Columbus’ ‘Nina’ and ‘Pinta’ dock in Camden Harbor

Wed, 06/25/2014 - 12:00pm

    CAMDEN — Columbus’s Nina and Pinta will spend the week in Camden Harbor as a fully functional floating museum. Stationed at the public landing in downtown Camden, the two ships act as an authentic replication of Columbus famous fleet. On board they are set up like floating museums with a crew excited to share their onboard experience.

    Only missing is the Santa Maria, a different style boat that captain Stephen Sanger said Columbus hated because it was so much bigger.

    Sanger said the Nina and Pinta, which draw seven feet and can maneuver tight river ways much more easily, are Portuguese Caravels. They were built in Valenca, Brazil, by eighth-generation Portuguese shipbuilders.

    “The Nina took 20 men 32 months to build and finished up in 1991 in time to celebrate the 500th anniversary [of Columbus’s 1492 discovery of the New World],” said Sanger.

    The Pinta was finished in 2006. The sister ships have been touring together throughout the United States for six years.

    “We travel to about 30 or 40 places on the river systems and waters around the U.S. Then we spend January and February doing maintenance in Alabama,” said Sanger.

    Sanger said the ships are fully functional when downwind and the crew takes advantage of any opportunity to go under sail.

    The vessels are owned by the Columbus Foundation, an organization based in the British Virgin Island.

    The Nina and Pinta have docked in Kittery and Harpswell already.
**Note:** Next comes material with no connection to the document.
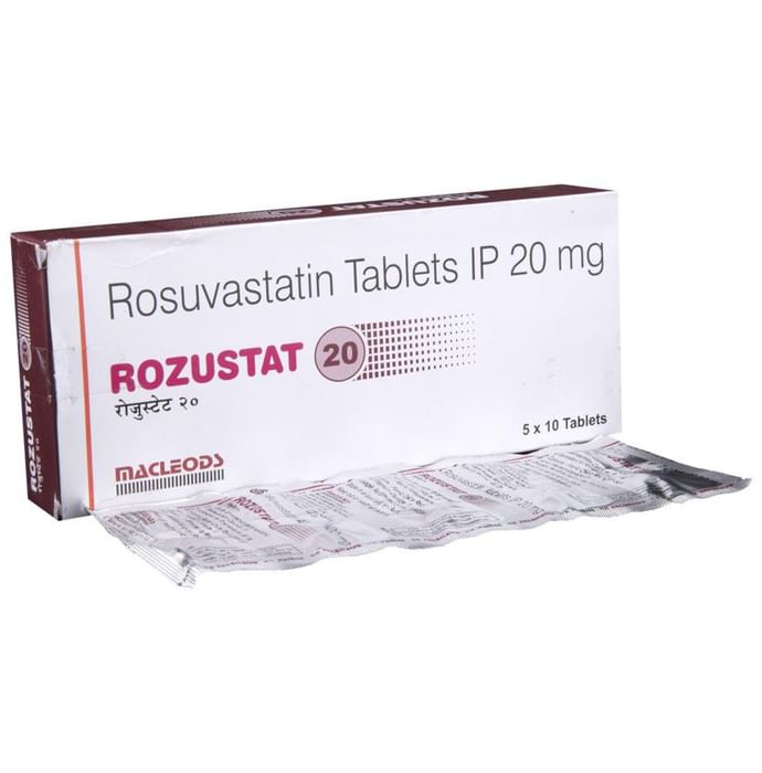 Rozustat 20 Tablet belongs to a group of medicines called statins. It is used to lower cholesterol and reduce the risk of heart disease. Cholesterol is a fatty substance that builds up in your blood vessels and causes narrowing, which may lead to a heart attack or stroke. Rozustat 20 Tablet is a widely prescribed medicine and is regarded as safe for long-term use. It can be taken with a meal or on an empty stomach. You can take it at any time of the day but try to take it at the same time each day. Most people with high cholesterol do not feel ill, but stopping your medicine may increase your cholesterol levels, making your condition worse and increasing your risk of heart disease and stroke. It is important to have your cholesterol levels checked regularly. This medicine is only one part of the treatment program which should also include a healthy diet, regular exercise, smoking cessation, moderation of alcohol intake, and weight reduction. You can eat normally while taking this medicine, but try to avoid foods that are high in fat. Common side effects of this medicine include muscle pain, weakness, nausea, headache, and stomach pain. These are usually mild and disappear after a short time. Consult your doctor if they persist or if you notice any yellowing of your eyes or get repeated or unexplained muscle pains. This medicine should not be used in conditions such as liver disease. Also, pregnant women and breastfeeding mothers should not take this medicine as it may harm the developing baby. Diabetic patients should monitor their blood sugar levels while taking this medicine, as it may lead to an increase in blood sugar levels.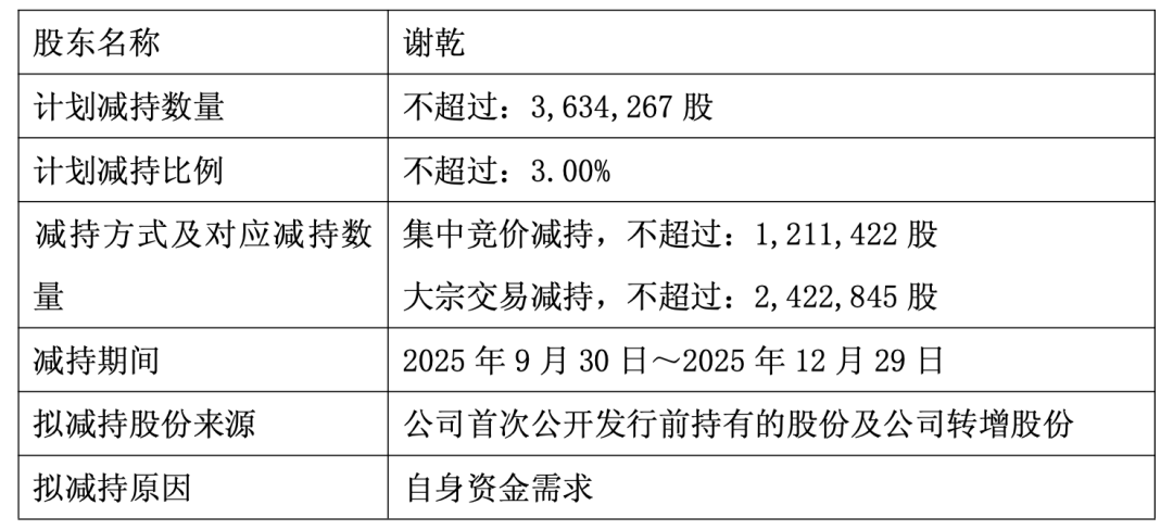 天银机电(300342)(300342.SZ)公告,公司控股股东佛山市澜海瑞兴股权投资合伙企业(有限合伙)(简 称"澜海瑞兴")计划在2025年12月15日至2026年3月14日以集中竞价方式减持公司股份不超过425.0351万 股(占公司总股本比例1.00%),以大宗交易方式减持公司股份不超过850.0702万股(占公司总股本比例 2.00%)。 ...

They will spend the week in Camden and leave for Portland on June 30, from where they will head up the Hudson River and into the Great Lakes.

    “Hopefully they leave learning something about these types of ships,” said Sanger.

    The experience is open to the public every day from 9 a.m. to 6 p.m. Boarding fees are $8 for adults, $7.00 for seniors and $6 for students, a price that includes both ships.